Tuesday, September 6, 2011

US Violation of Human Dignity and Ethics


US researchers violated ethical boundaries when they deliberately infected Guatemalan prisoners, mental health patients and prostitutes with sexually transmitted diseases in a 1940s research project, a presidential commission concluded on Tuesday.

When the awful experiments came to light in October 2010, President Barack Obama entrusted the President's Commission for the Study of Bioethical Issues with investigating the matter. Amy Gutmann, chairwoman of the commission and president of the University of Pennsylvania, says it was no accident that the research was performed in Guatemala. "Some of the people who were involved in this experiment explicitly said, 'We could not do this in our own country'," she said. "It was a foreign population that was seen as ethnically, racially, nationally different."

The work clearly opposed ethical standards of the time, according to Nelson Michael, director of the US Military HIV Research Program. "I'm not aware of any standards that would have said, 'it's ok to go offshore to do this kind of research'," he said. "They did it because they found a doorway that they found darkened and they went through it." STDs, including gonorrhea and syphilis, were among the biggest public health threats at the time. It was estimated that 20% of people living in psychiatric institutions were there because of the neurological effects of late-stage syphilis. The researchers in the Guatemalan study were looking for a way to prevent such diseases from spreading.

The commission has concluded that despite that sense of urgency, the Guatemala studies were poorly designed, poorly executed and entirely unethical.

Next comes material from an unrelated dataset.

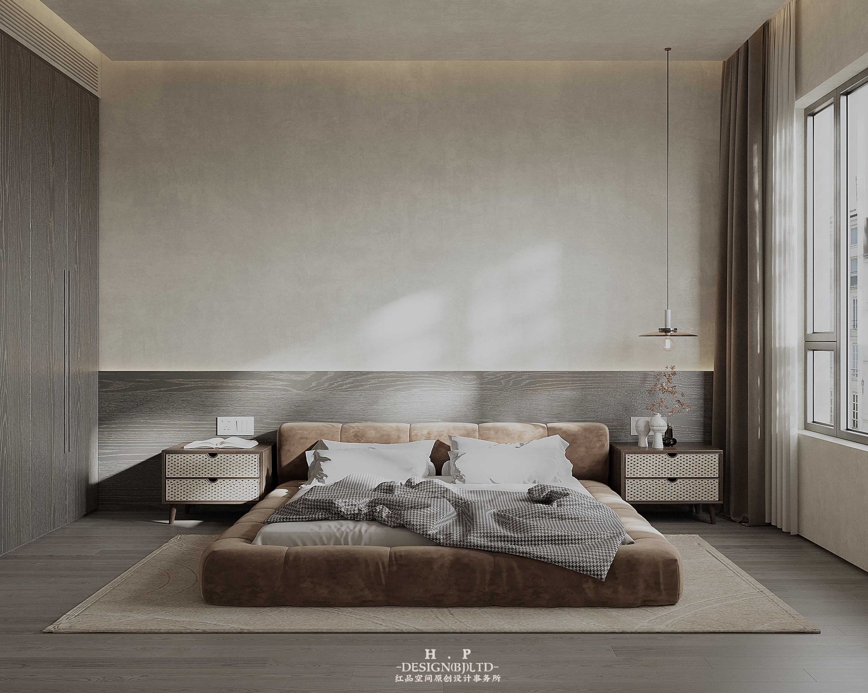 卧室整体空间较小,摆放矮床可以使人的视觉重心降低,从而达到放大空间的效果。衣柜、地面、护墙板颜色统一让空间更加宽敞明亮。

John Arras of the University of Virginia said he initially struggled with the decision over whether the researchers should be blamed for the ethical offenses. However, Arras said the details of the experiments dispelled doubts.

In one case, a patient named Berta in a psychiatric ward was injected with syphilis and not treated until 3 months after her infection. Soon after, lead researcher John Cutler, said she was about to die. The same day, he put gonorrhoeal pus from another patient into both of her eyes, her urethra and her rectum, and reinfected her with syphilis. Days later, her eyes were filled with pus from gonorrhea and she was bleeding from her urethra. She died six months later. "I would submit that this kind of case cannot be waved away by even the most acute awareness of fluctuation in medical ethics standards of the time," Arras said.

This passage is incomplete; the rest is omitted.